With supply shortages up 638% in the first half of 2021, according to data from Resilinc, it has never been more important for companies to reevaluate how they’re making products. North America experienced the most disruptions during the study period, as companies waited for freight imports from Europe and Asia. As late as early October, many dozens of cargo ships were stuck off the southern coast of California as the port faced delays tied to the coronavirus pandemic that has led to labor shortages. And, in Chicago during the summer, supply chain bottlenecks caused massive backups for imports arriving from the coasts via train.

Metal 3D printing as a viable alternative

Over the past two years, additive manufacturing – or the layering of materials on one another to create a product in a machine – has emerged as an attractive alternative due to its unique ability to manufacture “on demand.” These industrial machines are helping to return production back to the United States, so that companies can regain control of their manufacturing processes.

Metal printing in particular has become more ubiquitous and affordable because of some metal 3D printers that allow it to achieve high-volume, repeatable and automated production for 3D-printed parts.

Manufacturing close to home

By manufacturing components closer to home, manufacturing can be distributed in localized facilities that OEMs can choose to use based on proximity to their own production facilities or end users. They can save time, money and return jobs from offshore sites. Whereas outsourcing parts components might have made sense in the past because of the affordability that comes with using cheap offshore labor and freight, it’s now an impediment to a company’s bottom line. A report from Bank of America said COVID-19 has left the global supply chain in “disarray,” noting a supply chain “is only as strong as its weakest link.” The researcher said there remains a “strong case” for “diversification/localization of supply chains.”
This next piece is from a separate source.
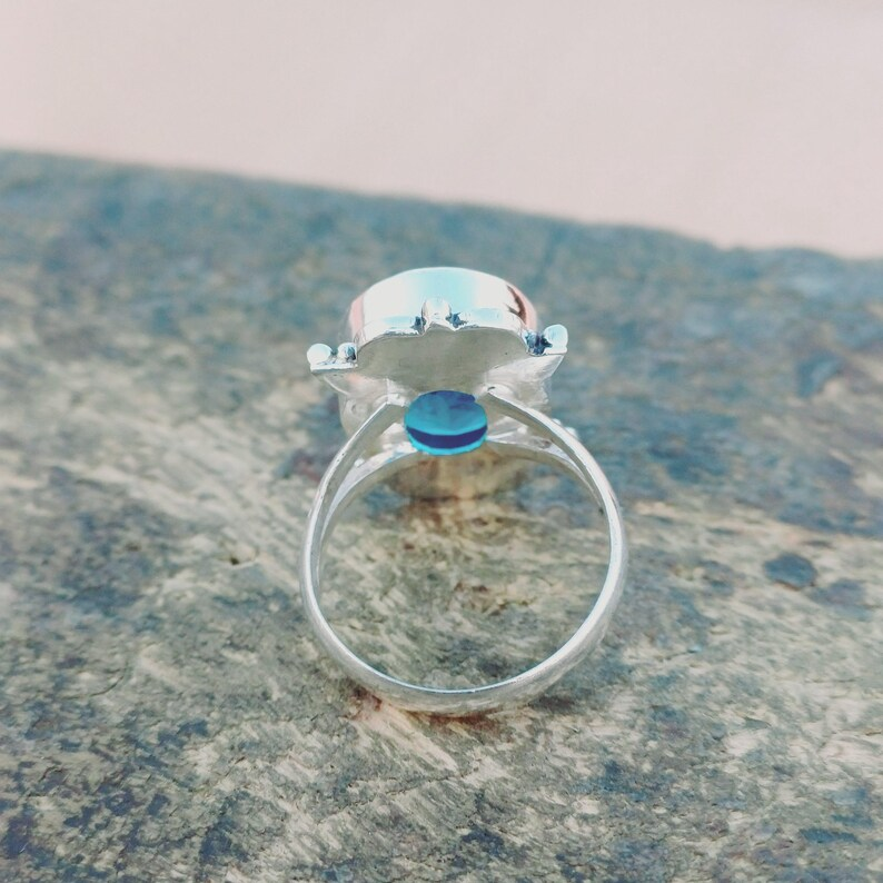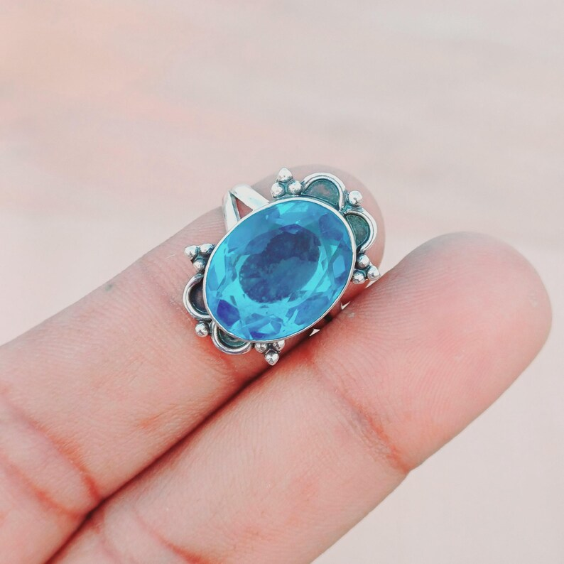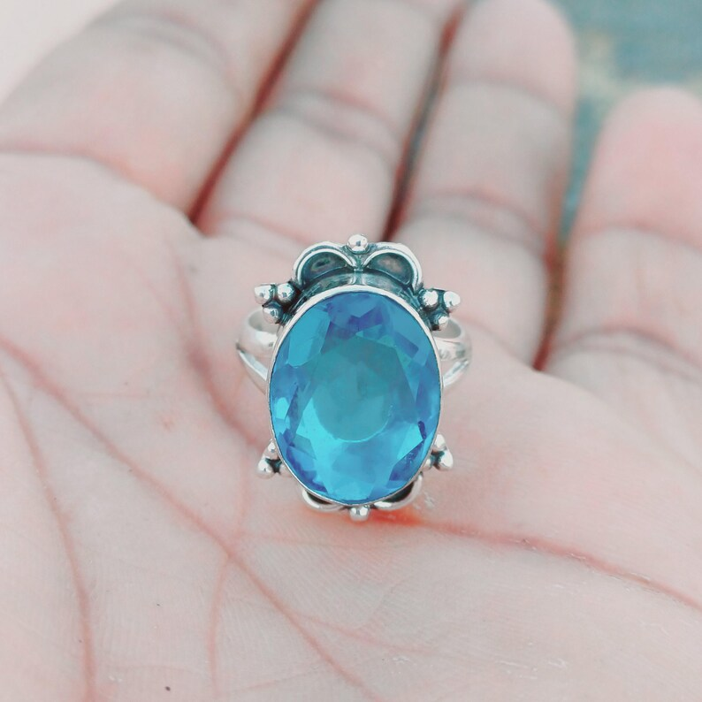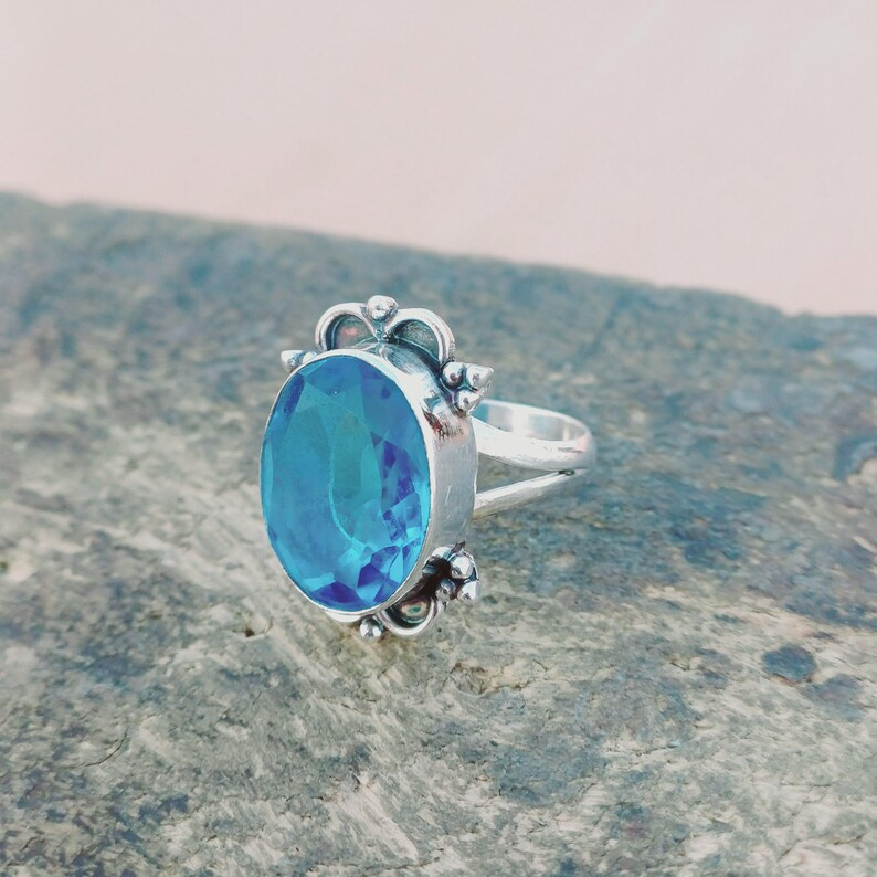 แหวนเงินแท้สีฟ้าพลอยธรรมชาติแหวนเงินแท้925บุษราคัมแหวนแฟชั่นเครื่องประดับเงิน

With localized metal printing, companies can take advantage of new technologies to compete on time and cost. Many companies are offsetting supply chain damages by passing the costs onto consumers. But, what if a company could negate those problems by detaching from the weak link?

On-demand additive manufacturing can be particularly attractive to OEMs that require metal parts because they can print spare or exotic parts when needed and on demand -- leading to additional cost savings through the elimination or reduction of storage. Hundreds of millions of spare parts of products as diverse as cars to watches and x-ray machines are stuck in storage around the world at any given time, according to data from DHL. Some experts estimate that excess inventory can cost distributors 25% a year. Being able to tap a reliable 3D printing source means that an OEM can nix the excess storage and produce spare or unusual parts only when they’re called up to bat.

In a 2014 report, MIT researchers predicted that 3D printing had the potential to cut total supply chain costs by 50-90%, with the biggest savings coming from transportation costs as companies shifted production locally. The only hold out, they suggested at the time, was that 3D printing was slower and therefore better suited for low-volume production. However, that hypothesis has shifted in recent years as technologies have improved, ushering in a new era of high-volume 3D printing.

As COVID-19 aftershocks rattle global markets and supply chains, companies are being incentivized to evaluate alternatives to gain competitive advantages. It’s unclear how long the effects of the pandemic will wreak havoc on the industrial world, but 3D printing is serving as a lifeline in a sea of uncertainty.